■ Work item: Using the material below, repeat exactly the lines from the one with "Енот Наташа из" through the one with "防犯カメラ 小型カメラ 長時間録画", ends included, without any images.

■ Recorded information:
Start of Block

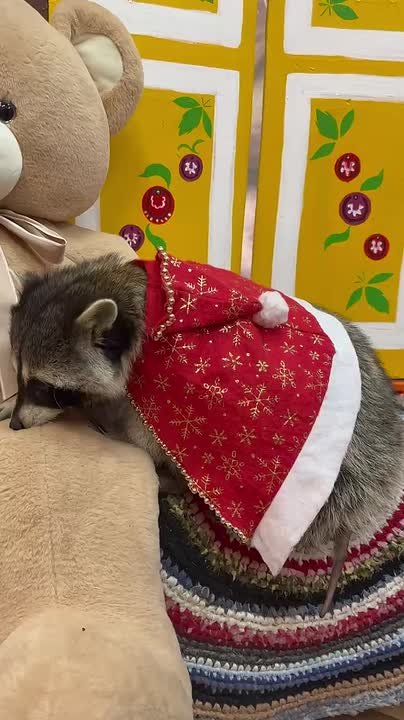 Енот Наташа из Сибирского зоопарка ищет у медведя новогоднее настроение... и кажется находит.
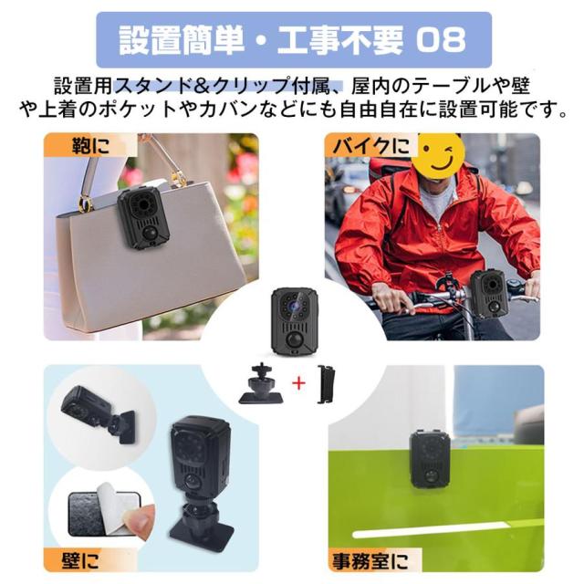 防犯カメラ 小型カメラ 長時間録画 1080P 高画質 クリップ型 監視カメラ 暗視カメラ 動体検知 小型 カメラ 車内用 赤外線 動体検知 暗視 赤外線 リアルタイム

End of Block
Start of Block

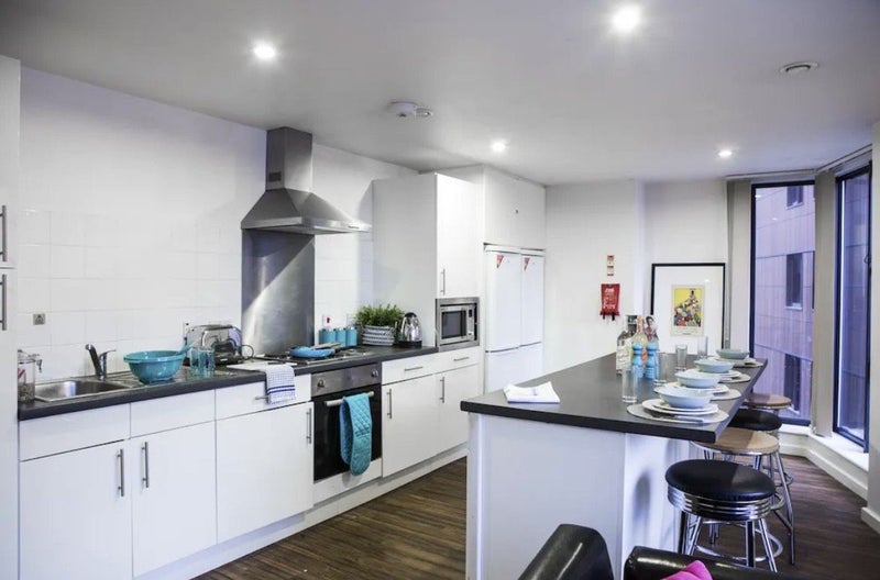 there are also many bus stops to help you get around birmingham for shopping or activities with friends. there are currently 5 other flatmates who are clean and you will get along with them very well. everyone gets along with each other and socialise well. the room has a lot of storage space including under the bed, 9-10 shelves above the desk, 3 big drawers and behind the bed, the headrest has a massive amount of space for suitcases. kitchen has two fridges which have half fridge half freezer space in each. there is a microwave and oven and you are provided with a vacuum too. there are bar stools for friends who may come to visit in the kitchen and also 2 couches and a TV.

End of Block

■ Exercise answer:
 Енот Наташа из Сибирского зоопарка ищет у медведя новогоднее настроение... и кажется находит.
 防犯カメラ 小型カメラ 長時間録画 1080P 高画質 クリップ型 監視カメラ 暗視カメラ 動体検知 小型 カメラ 車内用 赤外線 動体検知 暗視 赤外線 リアルタイム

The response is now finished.